== INFORMATION SUPPLIED
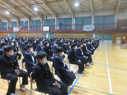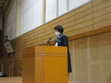令和3年度第1学期始業式を行いました。 始業式に先だって、代表生徒が意見発表を行いました。
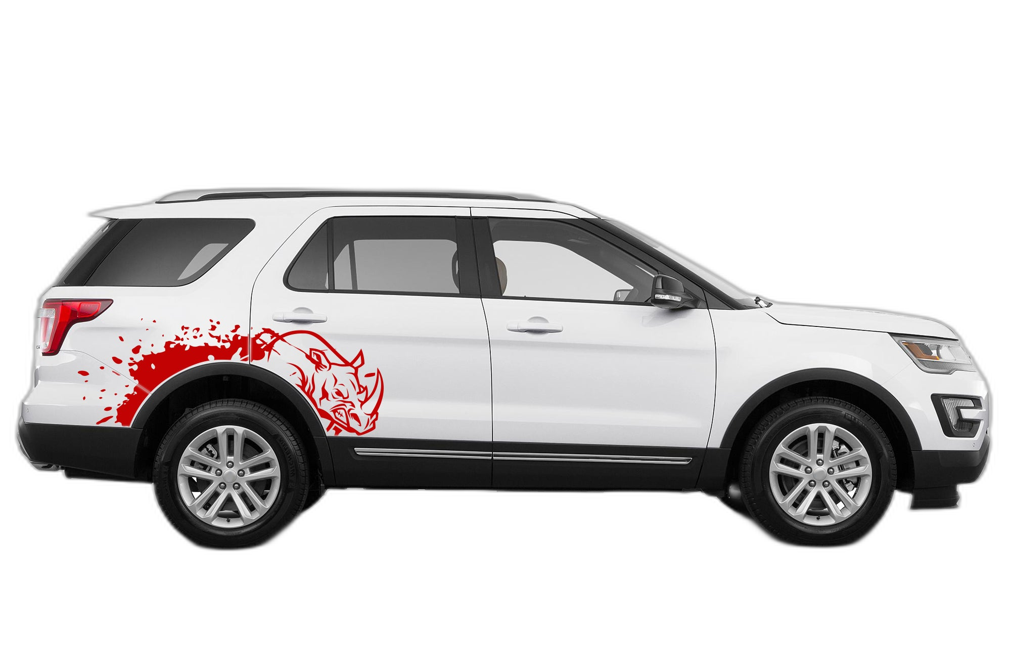 Stand out with this aggressive rhino-themed graphic set. These side decals are designed to fit the Ford Explorer 5th Gen, adding a dynamic, custom aesthetic to your vehicle’s sides.
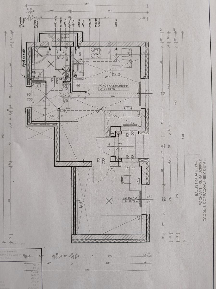 - pokoju z aneksem kuchennym - 22,48 m2;
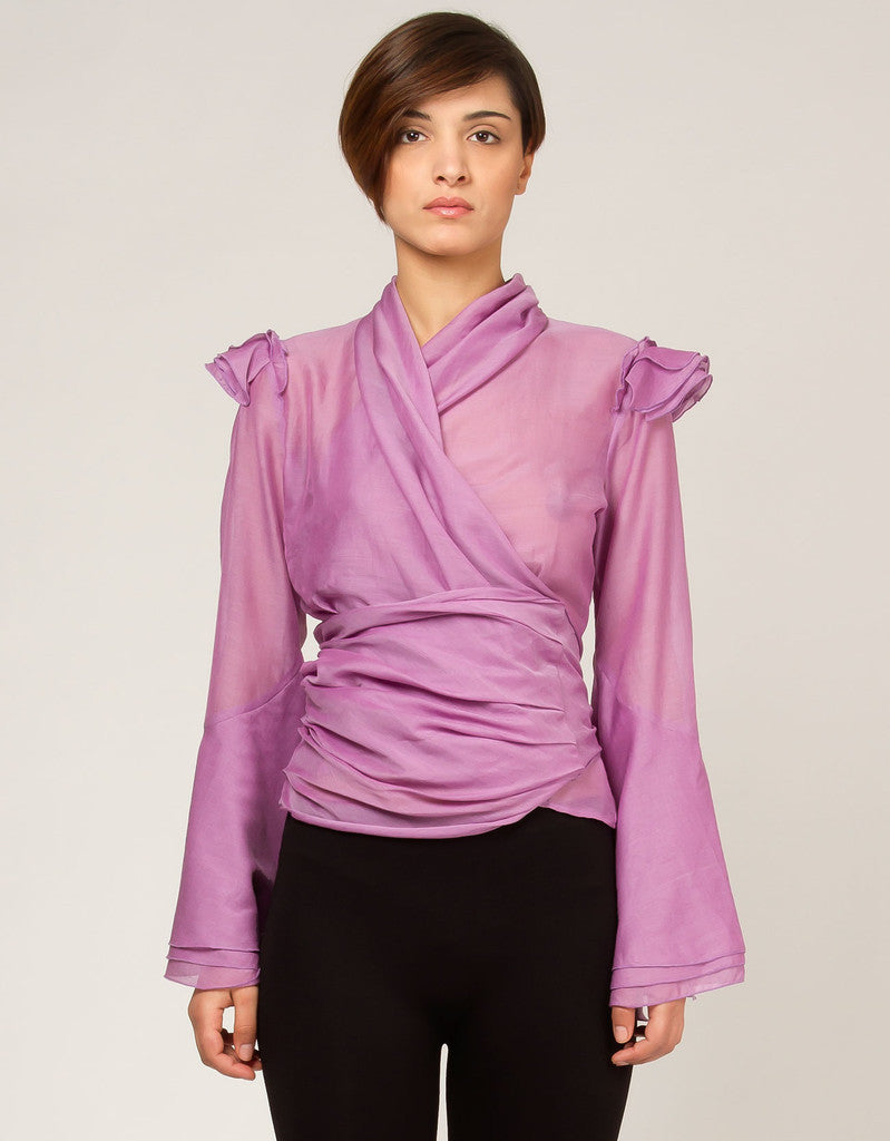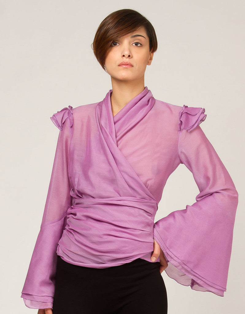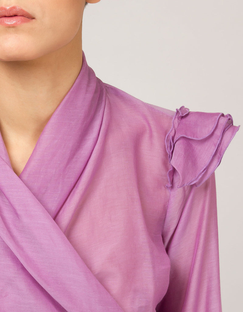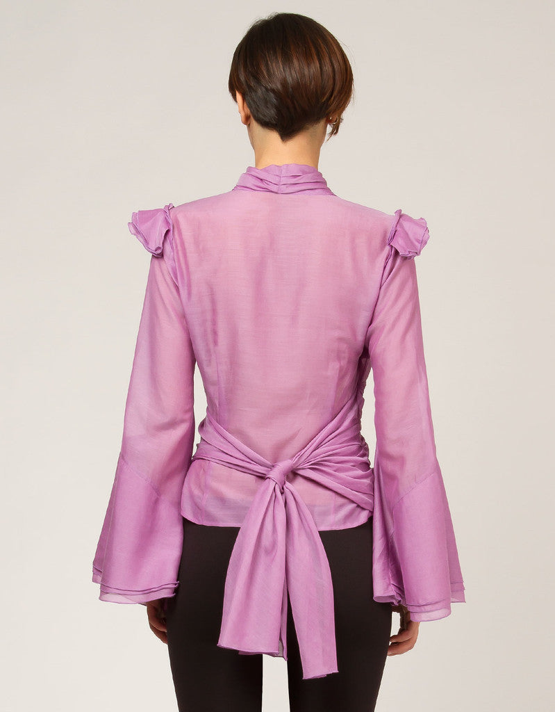 Blouse made of silk and cotton. Featuring fluted sleeves with little low-cap sleeves on the shoulders. A soft band to cross on the front and to fasten on the back.
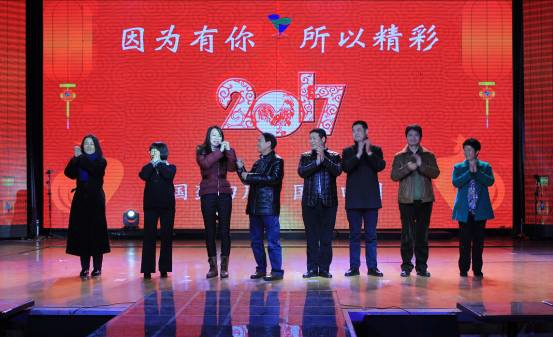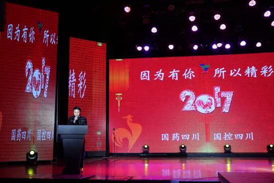 演出正式开始前,公司董事长何怡铭带领领导班子成员向全体职工拜年,并作新年致辞。他说,刚刚过去的2016年,是公司融入国药控股的第三年,一年来,公司上下紧紧围绕国药控股提出的“调结构、提质量、控风险”战略目标,坚持以习近平总书记系列讲话精神为指引,扎实深入开展“两学一做”学习教育。公司法人治理结构、董事会运作、人力资源改革等工作取得重大突破;2016年度预算指标、“两降一减”任务、扭亏目标和提质增效工作圆满完成;党建工作、党风廉洁建设和企业文化建设等工作取得较好成效。他表示,这些成绩的取得来之不易,凝聚着公司全体员工的辛劳和汗水。2017年,面对“两票制”、药品零加成等系列医改政策陆续出台,市场竞争日趋激烈,他要求,要及时对公司发展战略进行梳理,积极转变经营管理机制,加强人才队伍建设,确保完成公司高效益、高质量的发展目标。他希望全体员工要肩负新使命,踏上新征程,展现新作为,实现新跨越。
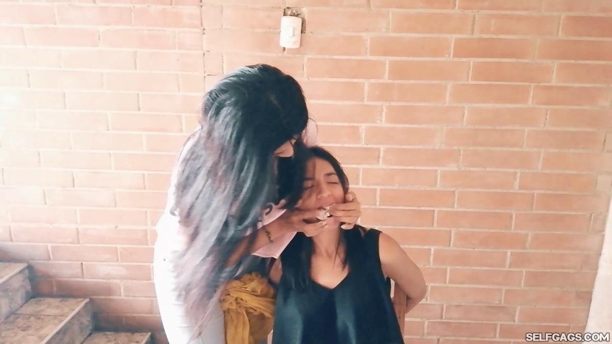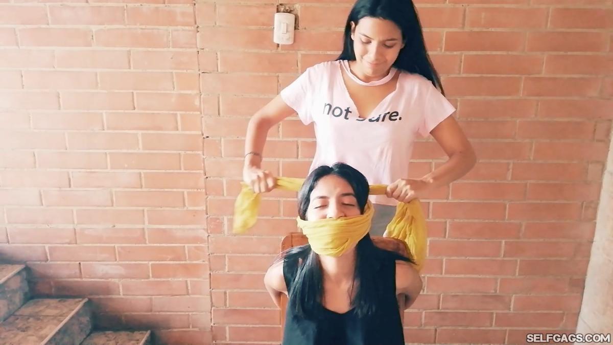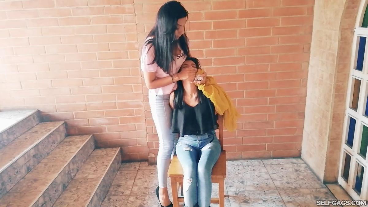 The girls’ bondage audition turned out to be an extremely sexy video in which they take turns to have each other tied up on a chair, screaming for help and getting gagged by the other!
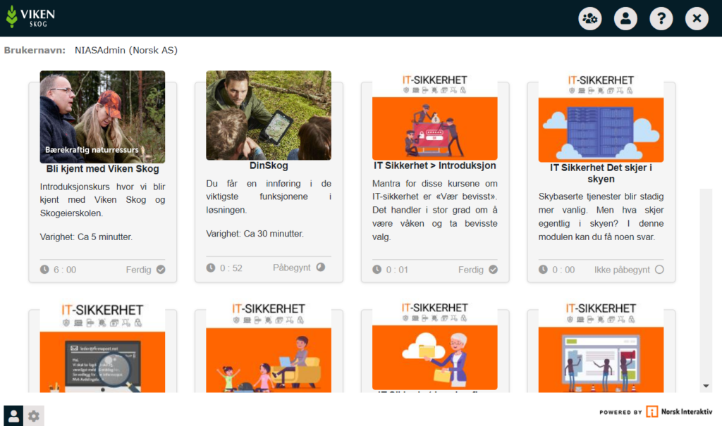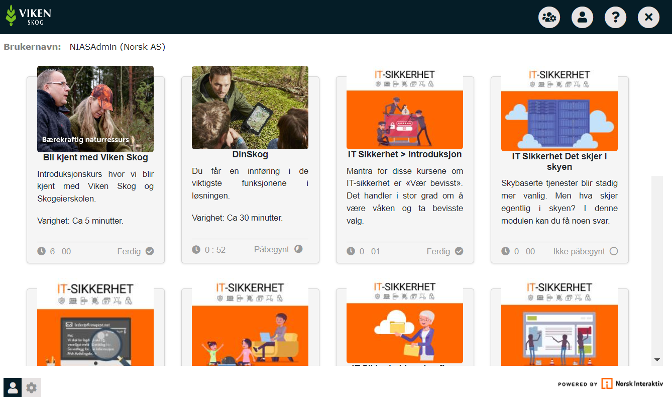 A learning portal is used to register and organise the company's participants and distribute online courses to them. The portal gives you an overview of how many people have completed the courses, with what results and how much time has been spent. Participants get an overview of their efforts and can, for example, receive a course certificate after completing the course. The learning portal and courses can be used on ordinary computers, tablets or mobiles.
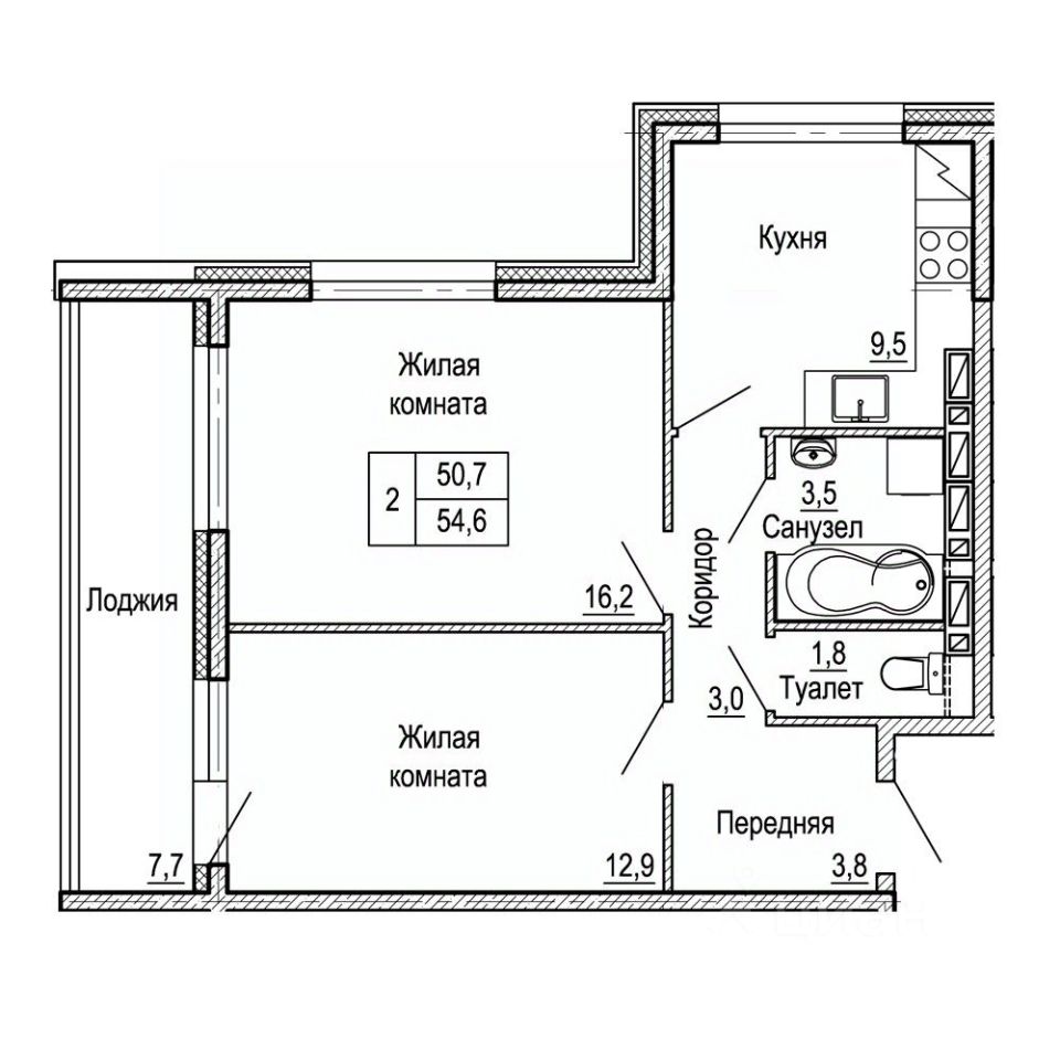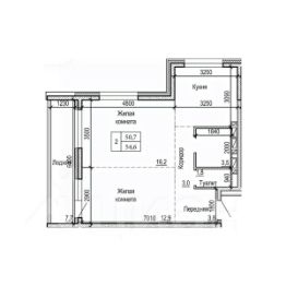 Общая площадь54,6 м²
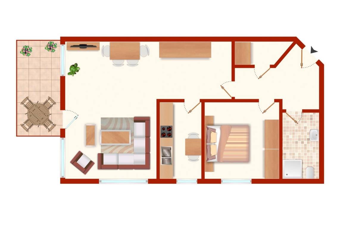 60 m² Ferienwohnung ∙ 1 Schlafzimmer ∙ 2 Gäste
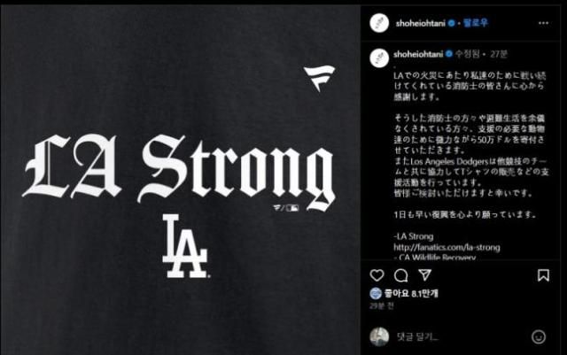 오타니는 "LA에서 발생한 화재에서 우리(시민)를 위해 계속 싸우고 있는 소방관 분들께 진심으로 감사드린다"며 "소방관 분들 및 피난 중이신 분들, 지원이 필요한 동물을 돕기 위해 미력하지만 50만 달러를 기부하겠다"고 적었다.
====
WHAT TO DO:
With the pictures set aside, please write out all of the records above exactly.

ANSWER TO THIS EXERCISE:
令和3年度第1学期始業式を行いました。 始業式に先だって、代表生徒が意見発表を行いました。
 Stand out with this aggressive rhino-themed graphic set. These side decals are designed to fit the Ford Explorer 5th Gen, adding a dynamic, custom aesthetic to your vehicle’s sides.
 - pokoju z aneksem kuchennym - 22,48 m2;
 Blouse made of silk and cotton. Featuring fluted sleeves with little low-cap sleeves on the shoulders. A soft band to cross on the front and to fasten on the back.
 演出正式开始前,公司董事长何怡铭带领领导班子成员向全体职工拜年,并作新年致辞。他说,刚刚过去的2016年,是公司融入国药控股的第三年,一年来,公司上下紧紧围绕国药控股提出的“调结构、提质量、控风险”战略目标,坚持以习近平总书记系列讲话精神为指引,扎实深入开展“两学一做”学习教育。公司法人治理结构、董事会运作、人力资源改革等工作取得重大突破;2016年度预算指标、“两降一减”任务、扭亏目标和提质增效工作圆满完成;党建工作、党风廉洁建设和企业文化建设等工作取得较好成效。他表示,这些成绩的取得来之不易,凝聚着公司全体员工的辛劳和汗水。2017年,面对“两票制”、药品零加成等系列医改政策陆续出台,市场竞争日趋激烈,他要求,要及时对公司发展战略进行梳理,积极转变经营管理机制,加强人才队伍建设,确保完成公司高效益、高质量的发展目标。他希望全体员工要肩负新使命,踏上新征程,展现新作为,实现新跨越。
 The girls’ bondage audition turned out to be an extremely sexy video in which they take turns to have each other tied up on a chair, screaming for help and getting gagged by the other!
 A learning portal is used to register and organise the company's participants and distribute online courses to them. The portal gives you an overview of how many people have completed the courses, with what results and how much time has been spent. Participants get an overview of their efforts and can, for example, receive a course certificate after completing the course. The learning portal and courses can be used on ordinary computers, tablets or mobiles.
 Общая площадь54,6 м²
 60 m² Ferienwohnung ∙ 1 Schlafzimmer ∙ 2 Gäste
 오타니는 "LA에서 발생한 화재에서 우리(시민)를 위해 계속 싸우고 있는 소방관 분들께 진심으로 감사드린다"며 "소방관 분들 및 피난 중이신 분들, 지원이 필요한 동물을 돕기 위해 미력하지만 50만 달러를 기부하겠다"고 적었다.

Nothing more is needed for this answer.